Testing for a Hidden Geometry in Random Graphs
2026-06-15 • Information Theory
Information Theory
AI summaryⓘ
The authors study how to detect a small hidden geometric pattern inside a large random network. They show when it is possible to find this pattern based on the size and geometry of the hidden subgraph and when it is impossible, even with unlimited computing power. They also identify cases where finding the pattern is theoretically possible but requires too much computing effort, creating an 'easy-hard-impossible' landscape for detection. Finally, they provide strong evidence that commonly used algorithms cannot solve the problem efficiently in the hard cases.
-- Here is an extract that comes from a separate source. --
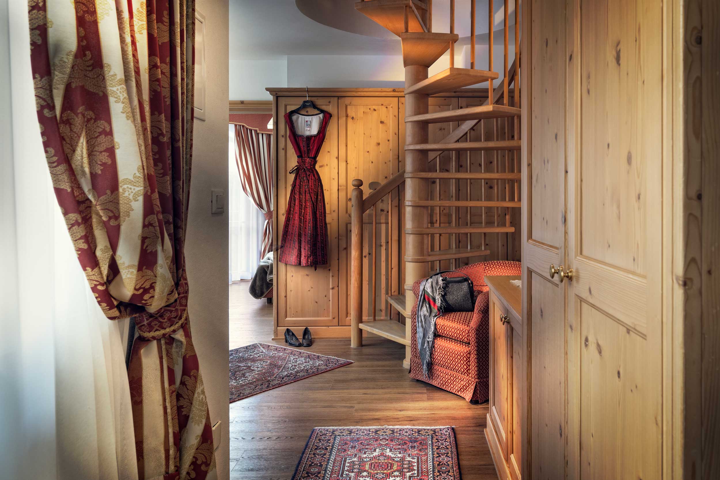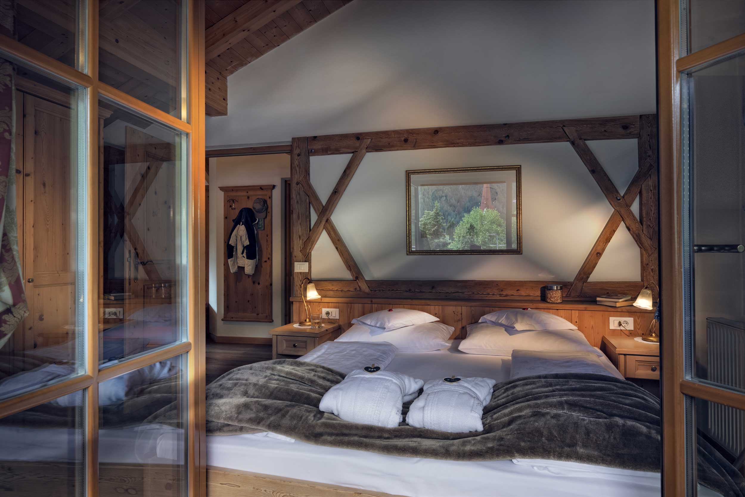 - pokoje Suita Zirben-Kristall - 2 - 4 osoby | exkluzivní juniorská suita z borovicového dřeva, křišťálů a žuly pro pobyt s vůní hor, ve znamení alpského wellness, s koupelnou s vanou a sprchou, další malou samostatnou koupelnou, SAT-TV, trezorem, fénem, minibarem, telefonem, WIFI připojením a panoramatickou terasou s výhledem na řeku a hory na jižní straně, domácí mazlíčci nejsou v tomto pokoji akceptováni. 35m2

Erdős–Rényi random graphrandom geometric graphhypothesis testinginformation-theoretic boundscomputational complexityphase transitionlow-degree polynomial algorithmsstatistical versus computational limitslatent geometrysubgraph detection
Authors
Amit Silber, Mor Oren-Loberman, Wasim Huleihel
Abstract
We study the problem of detecting a faint geometric signal hidden in an otherwise random graph. Formally, we consider a hypothesis testing problem in which, under the null, the observed graph is an Erdős--Rényi random graph $\mathcal{G}(n,q)$, while under the alternative a random geometric graph $\mathcal{G}(k,q,d)$ is planted on $k\le n$ vertices. The planted subgraph is generated from independent random points on the unit sphere $\mathbb{S}^{d-1}$, with edges determined by latent geometric proximity and calibrated to have edge density $q$. Our goal is to characterize the statistical and computational limits of detecting this hidden geometry. We derive sharp information-theoretic lower bounds that identify regimes where detection is impossible and provide algorithms that achieve these limits whenever detection is feasible. We further investigate the computational complexity of the problem and determine when efficient polynomial-time tests exist. The model exhibits an \emph{easy--hard--impossible} phase transition: some regimes allow efficient detection, others permit detection only with computationally intractable procedures, and still others render detection impossible even with unlimited computational power. As evidence for the computational barrier, we prove that all low-degree polynomial algorithms fail throughout the conjecturally hard regime, demonstrating a sharp gap between statistical and computational feasibility.